The multiplication and division symbols used in grade school textbooks weren't particularly important characters, and so the OE ligatures should have been left in those code positions for ISO 8859-1. But the emphasis on accented letters, while understandable to facilitate international use, meant the code was chiefly oriented to word processing.

It didn't include the symbols for less than or equal to, not equal to, and greater than or equal to, which seemed to me to be the most important deficiencies of ASCII when used for writing computer programs.
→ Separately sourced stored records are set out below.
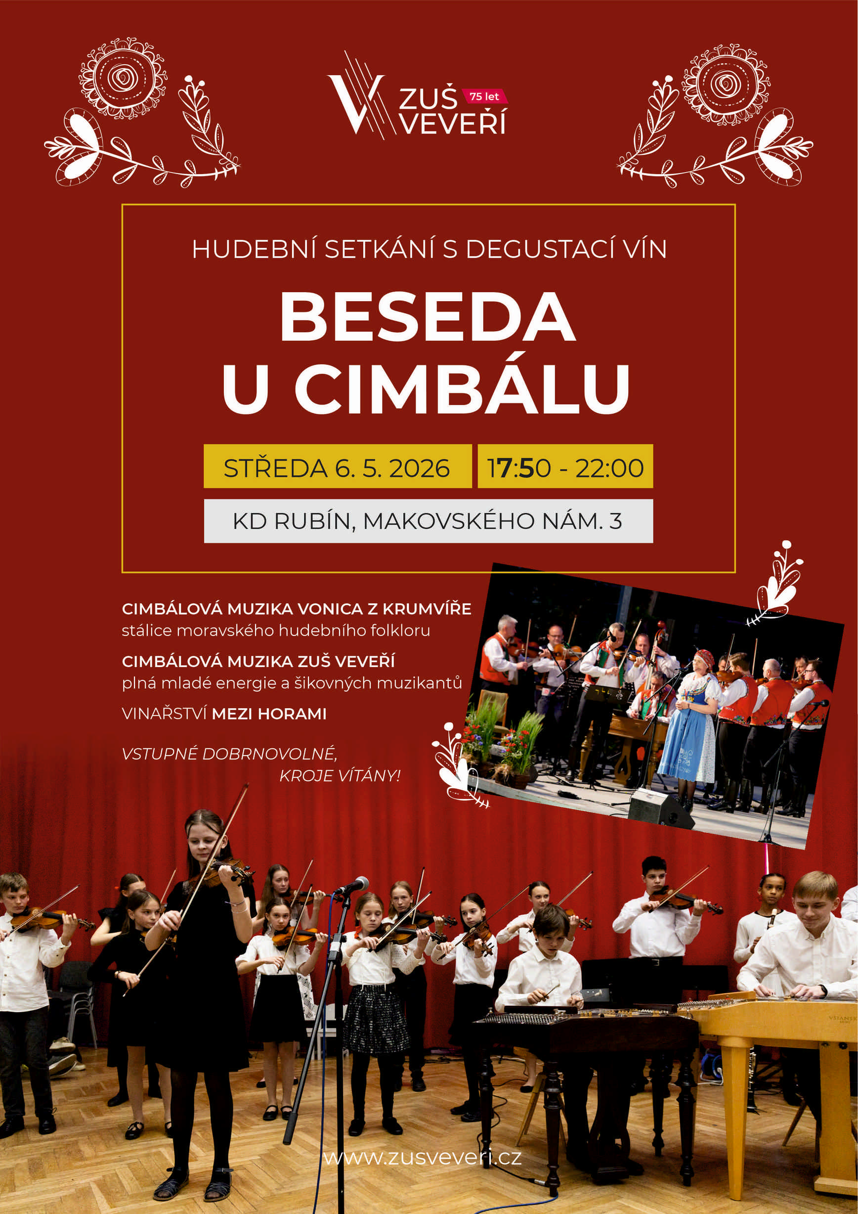 Cimbálová muzika ZUŠ Veveří je ze všech školních souborů tím nejdéle působícím. Je plná energie a šikovných muzikantů, v loňském školním roce získala 1. cenu v ústředním kole soutěže MŠMT.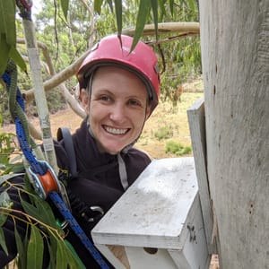 Catherine Young inspecting nest boxes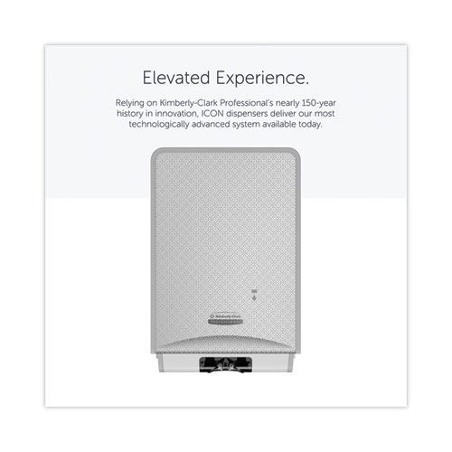 The Kimberly-Clark Professional ICON™ dispensing system is changing the face of the restroom. Featuring first-of-a-kind versatility, the ICON™ dispenser effortlessly enhances the look of the restroom with an exclusive line of designer faceplates to help reimagine the space. These dispensers feature our patented, interchangable faceplate technology and complement the other ICON™ paper towel and toilet paper dispensers in the collection. Select one of our six signature faceplate designs. Touchless operation is critical to maintaining the highest levels of hand-hygiene, and these dispensers will deliver up to 60,000 uses on one set of batteries. Custom mounting bracket with built-in level for easy installation. Can be used with our Kleenex Botanics Soap and Sanitizer, or any of our Scott brand automatic skin care refills.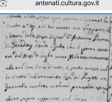 Secondo quanto riportato negli atti civili dal don Giuseppe Miano, Eletto di Polizia e Ufficiale dello Stato Civile, nella notte tra il 23 e il 24 luglio, alle ore due, la campanella posta accanto alla ruota dell’Annunziata, presso la Casa dei Proietti in una strada del borgo al n. 29, squillò nel silenzio della notte.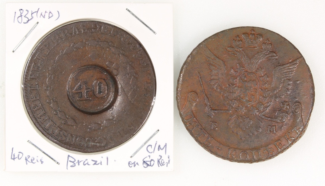Russia and Brazil, a pair of 5 kopecks, 1778, and 40 reis, ND(1835), well preserved, very fine or so (2).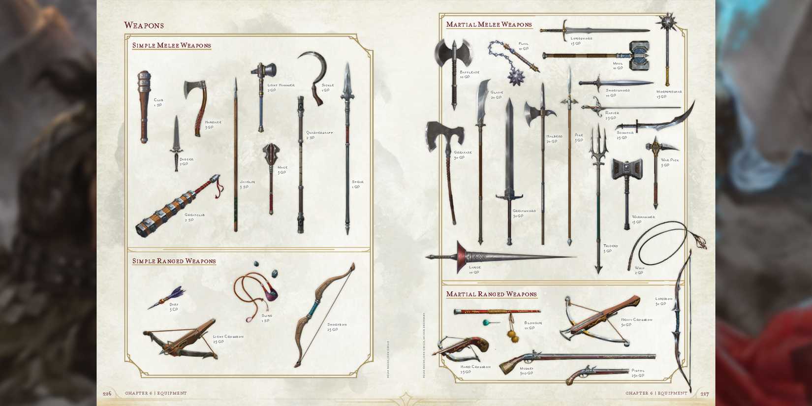 El Manual del jugador está obteniendo una característica nueva y agradable en un diseño que muestra cada elemento básico DND arma y su precio, diseñado para funcionar como una página de catálogo para que los jugadores naveguen. Teniendo en cuenta la importancia de elegir opciones de dominio de armas, esta parece una buena manera de simplificar la presentación, y también podría ser útil hacer referencia a ella mientras se compra dentro de una campaña. Otras adiciones, como nuevas piezas de equipo y características delineadas de dominio de herramientas, completarán el capítulo sobre equipos, y un sistema de elaboración podría ser interesante para los grupos a quienes les gusta hacer sus propios suministros.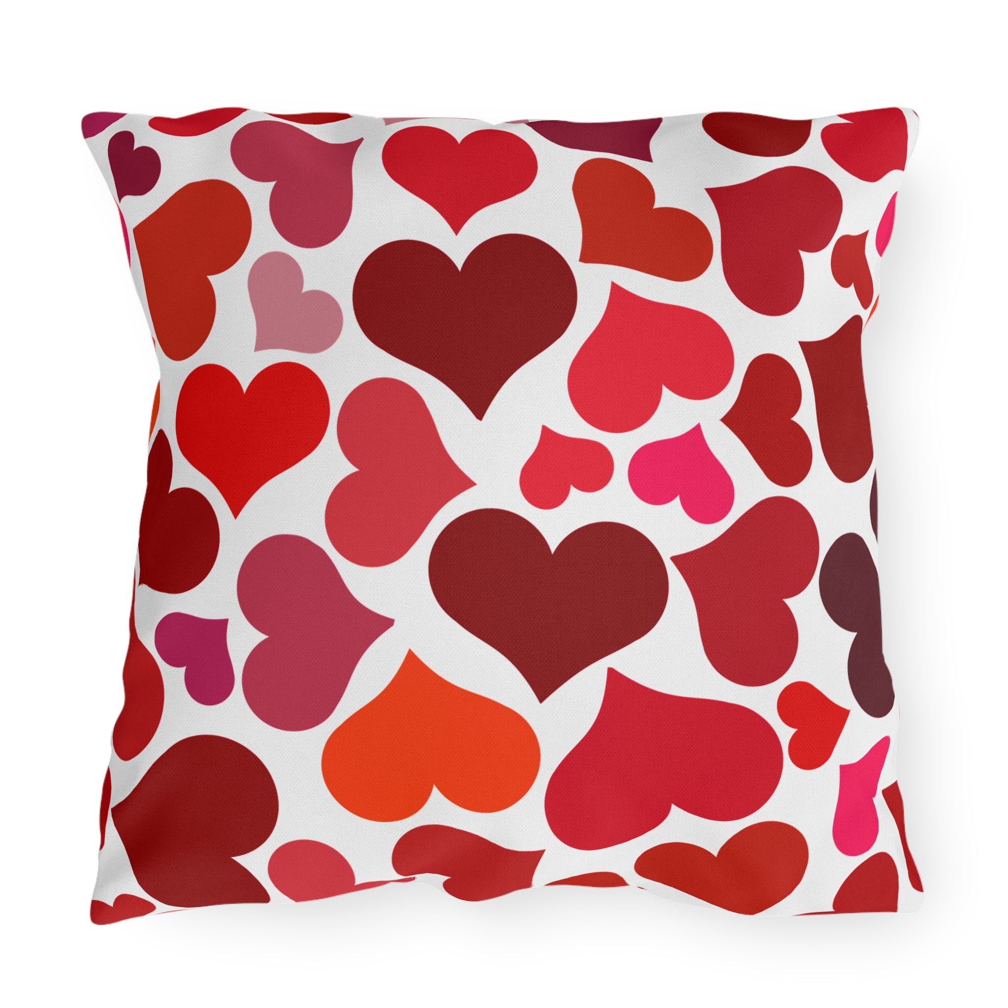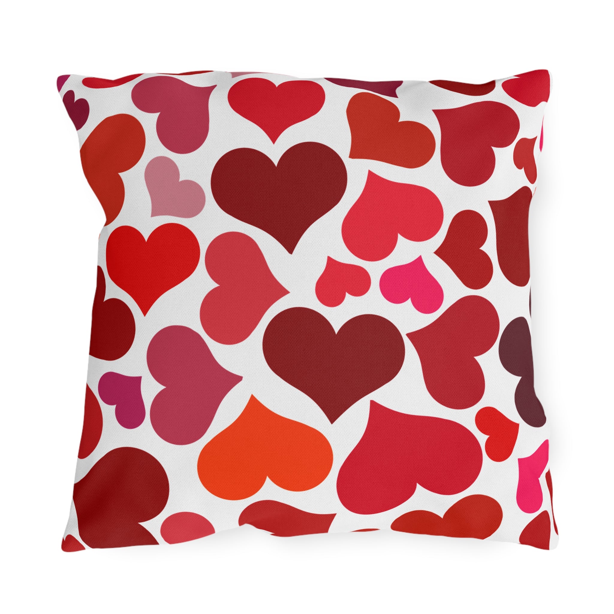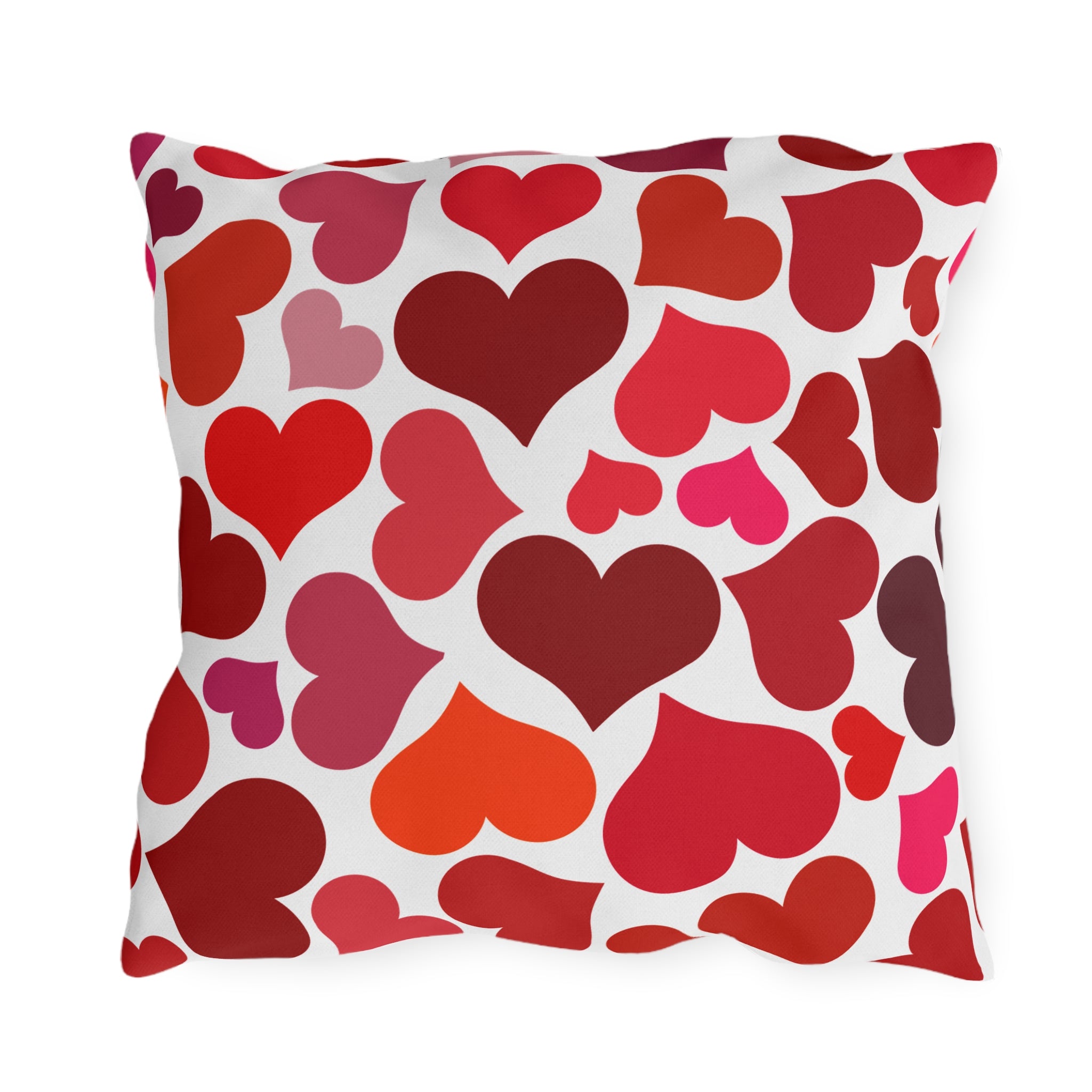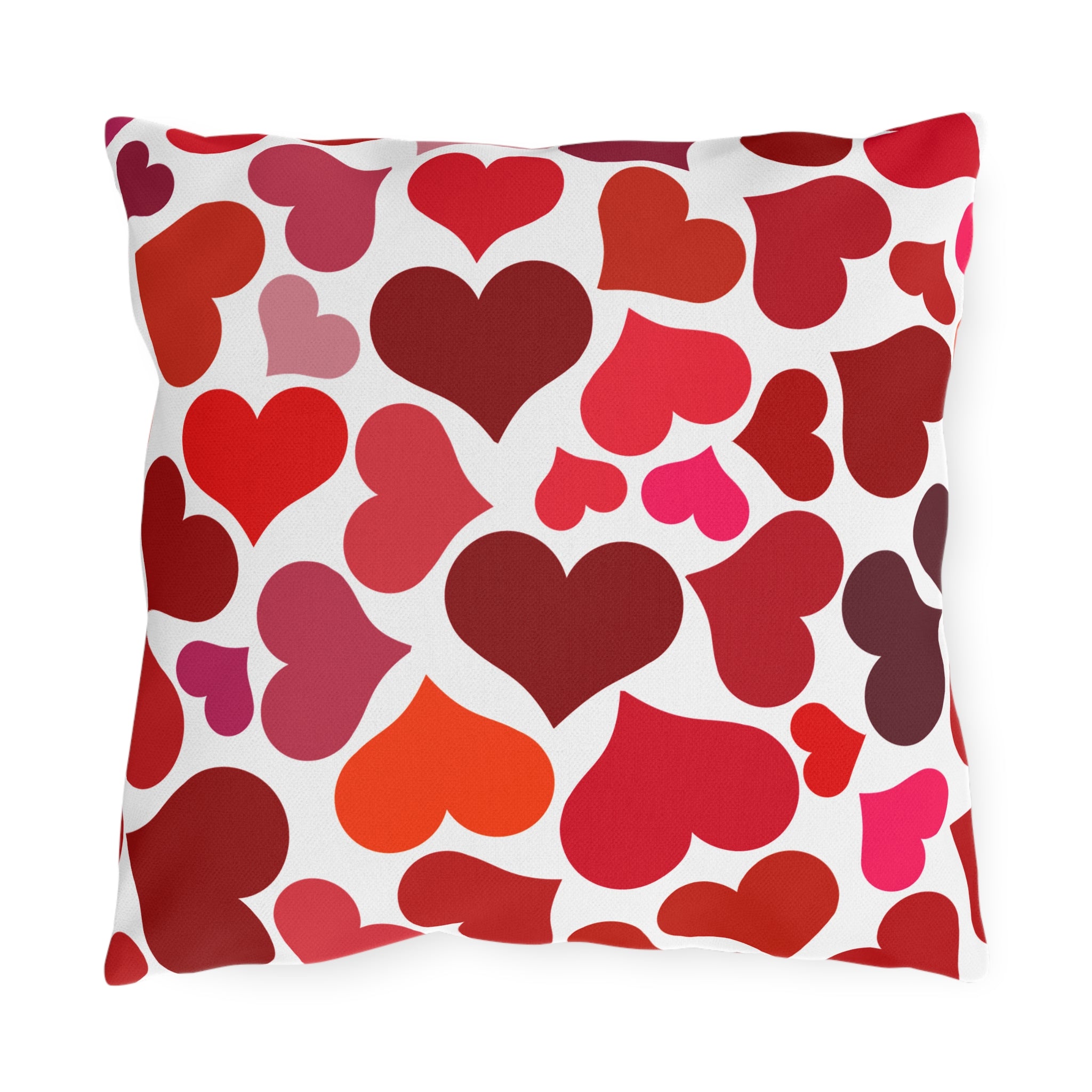 Bright, heart-covered outdoor pillows that bring playful warmth to porches, patios, and garden nooks. The double-sided print showcases a scattered pattern of hearts in rich reds, corals, and pinks against a clean white background — cheerful without being loud. Built to handle sun and light rain, the vibrant direct-to-fabric colors stay bold season after season while the sturdy spun-polyester weave keeps the shape and soft hand you’ll reach for when lounging. These pillows slide into relaxed outdoor living: a stack on a wicker chair, a pop of color on a bench, or a cozy addition to a backyard conversation spot during summer evenings and casual Valentine gatherings.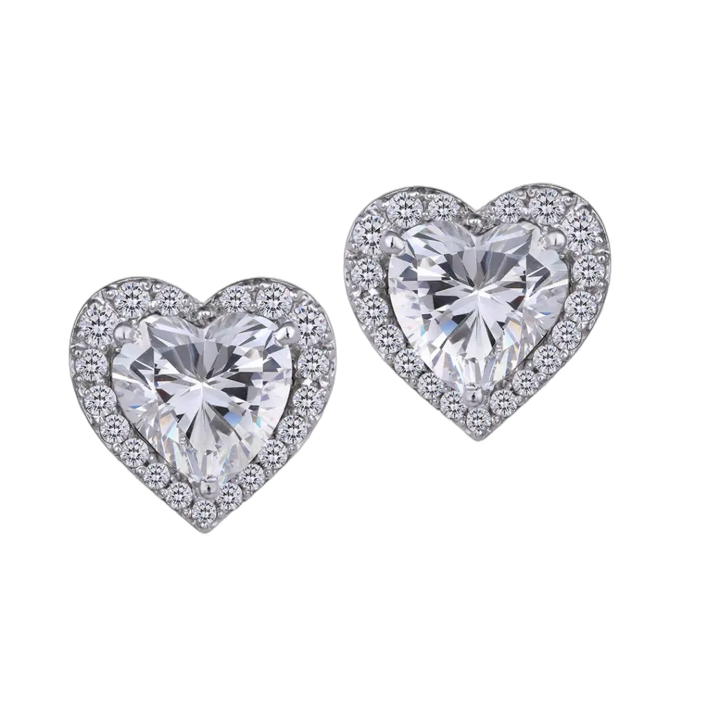 Halo Ear Studs in Heart Shaped Swarovski Zirconia

And so, I put those characters in, along with the characters I removed from ISO 8859-1, in the computing character set, along with the Greek alphabet.

Finally, another anomaly of 8-bit ASCII is the code positions used for control characters.

Control characters certainly are important for a code used for communications between a computer and a computer terminal. But they really aren't very useful for a code used to store documents as files on a disk drive.

These days, computers usually don't have terminals connected to them - instead, the computer is the terminal, as this keeps hardware costs to a minimum.

Taking out the control characters, except for 00 being NUL and FF being DEL, allows including small capitals as a basic character case in the code, having the same status as upper and lower case - instead of being treated as a presentation form which requires a switch to a different font.

I'm willing to accept that boldface and italic are presentation forms, but the keyboard ought to include keys for switching to those as well, rather than requiring one to lift one's hands up and use the mouse to select text and switch to them.

However, doing away with control characters might be just a tad too radical.

Using the word processing form of ASCII as a basis, and keeping only the most important additional characters, one could arrive at the following 8-bit character set to serve as the starting point for a code:

However, while I tried to pick the most necessary of the added special characters, this is too tight a squeeze. The Euro symbol really ought to be added, if one is going to make changes, and several other highly useful characters had to be left out.

Note that, though, with the restructuring done to accomodate languages like Armenian, it is no longer as convenient to handle Chinese, Japanese, or Korean with a double-byte character set (DBCS). At least, though, with this design, it's not completely impossible. With ISO 8859-1 in its original form, the printable characters with the high bit set allowed 94 possible prefix characters as the first character of a two-character code representing one Chinese character. Using the high bit to indicate lower case had spoiled that. But with a space reserved for small capitals, at least those 32 codes could be used as DBCS prefixes. Given the full integration of the high bit, the second character could be any of the 222 normal printable characters, rather than being only one of 94 characters.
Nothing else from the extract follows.